Alain Mukuralinda, the deputy government spokesperson, told national broadcaster Rwanda Television that the search had been called off after 16 days of searching yielded no results.
"After 16 days of searching for the six people who went missing in a collapsed mine in Huye District, the government of Rwanda has concluded that the search activities had to stop due to the fact that there was no hope of finding them," he said.
Mukuralinda added that the government of Rwanda had done all it could to search for the missing miners, but the search yielded no results despite digging 70 meters deep.
He also noted that excavating further below the current depth of 70 meters would pose a significant threat to the environment.
According to him, the families of the victims have decided to hold funerals, and the government is supporting them by honoring their wishes and offering support to keep them close during this difficult time.
Last week, the Rwanda Investigation Bureau arrested 10 people allegedly in connection with the illegal quartzite mine disaster.
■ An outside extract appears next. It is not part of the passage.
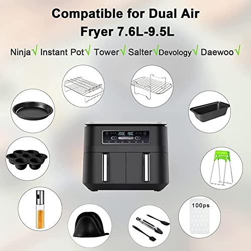 - [Compatibility] These EAIMi accessories designed for 7.6L-9.5L dual air fryer, also fit for larger air fryers, which might be a little small. Applicable for Ninja and most of dual air fryer on the market. The maximum size of our air fryer accessories is 20(L) * 14(W) * 8(H) cm. Please measure the inside diameter of your air fryer basket before purchasing so that it is more accurate.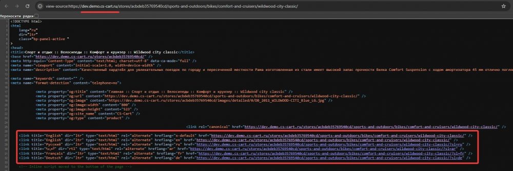 19. Чтобы совсем уж полно раскрыть тему, то это формируется в файле /design/themes/*тема*/templates/addons/seo/hooks/index/meta.post.tpl http://i.abt.team/serhii/2024_10_04_4232493862.jpg Так как нам нужно было добавить туда свой хук, мы перетянули этот файл к себе. Но весь остальной код остался родной. Если раздобудете решение для формирования "кода языка+кода региона", то учтите что нужно поменять в соответствующем файле.

The suspects include a retired soldier and local leaders on suspicion of engaging in illegal mining activities, involuntary homicide, and abusing their legal powers for personal gain.
Accidents are often reported at artisanal mining sites, where miners work discreetly to avoid inspection from authorities.
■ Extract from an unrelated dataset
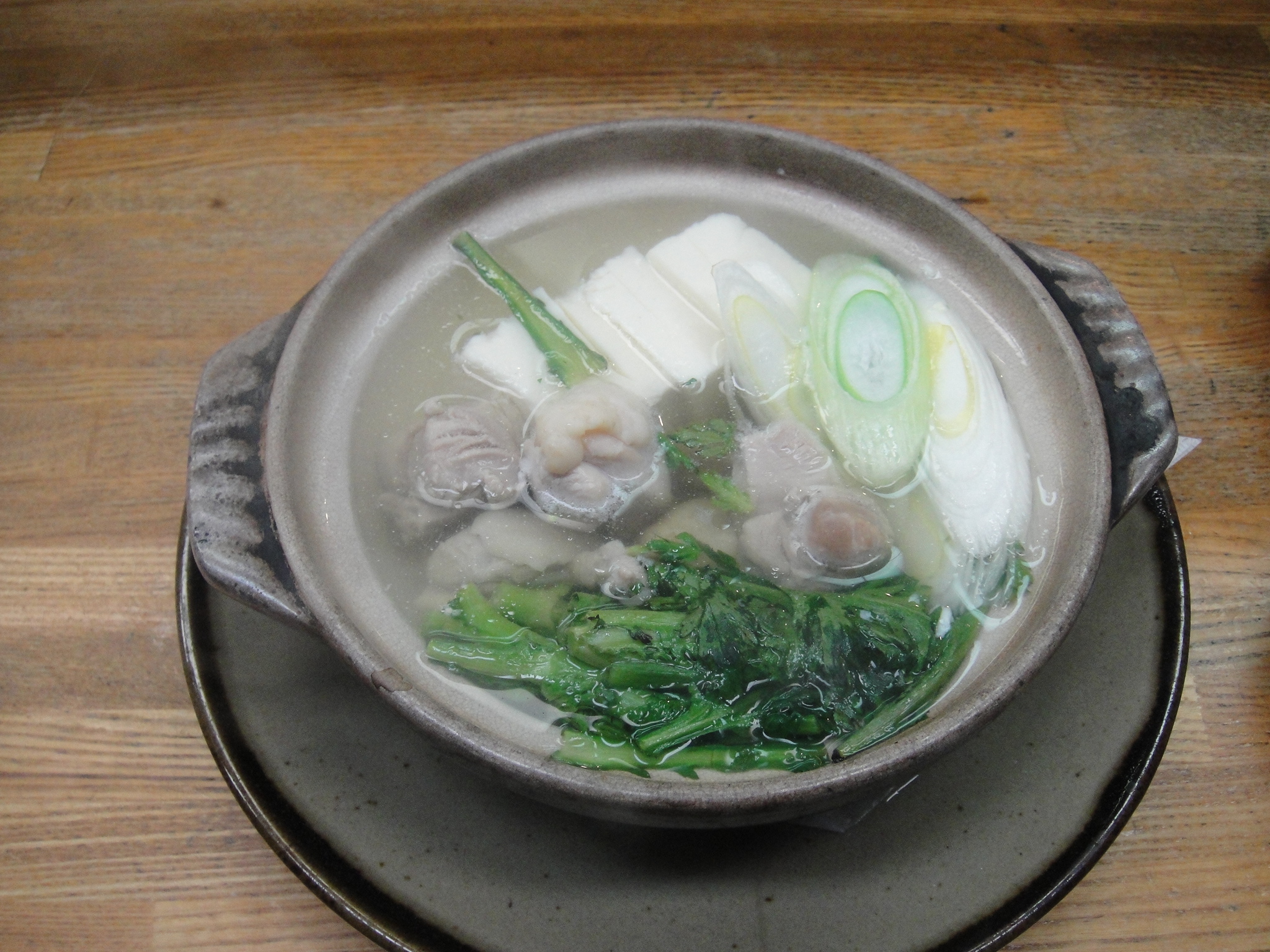「鳥鍋」が届く。鶏肉と豆腐を、出汁の効いたスープで煮る「小鍋立て」。鶏肉を一口・・・ぷりっとした肉と脂身が口の中で混じって、旨味と甘味のバランスをとってくれる。スープがまた美味しい。透明感のある薄味のスープながら、出汁がしっかり効いていて鶏肉の旨味を引き出している。これは美味しい。燗酒、燗酒!

According to a recent report by the Rwanda Mines, Petroleum and Gas Board mine accidents have killed at least 429 people and injured 272 in a period of five years.
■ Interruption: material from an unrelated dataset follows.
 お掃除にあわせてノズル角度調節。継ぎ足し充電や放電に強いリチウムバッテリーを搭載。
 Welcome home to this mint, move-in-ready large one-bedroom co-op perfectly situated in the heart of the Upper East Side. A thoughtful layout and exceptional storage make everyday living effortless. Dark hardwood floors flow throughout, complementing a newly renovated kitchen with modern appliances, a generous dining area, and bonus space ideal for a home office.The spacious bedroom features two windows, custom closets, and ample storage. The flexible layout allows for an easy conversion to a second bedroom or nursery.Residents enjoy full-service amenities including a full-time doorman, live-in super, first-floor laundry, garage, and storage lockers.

The report further shows that 337 mine accidents were recorded from July 2018 to the end of 2022.
The report indicates that of the 337 mine accidents, 252 happened in mines owned by companies that were legally operating, while 85 accidents happened in sites owned by companies that were operating illegally.
Currently, 109 areas with illegal mining activities across the country have been identified. Rwanda aims to generate 1.5 billion U.S. dollars in annual revenues from mineral exports by 2024.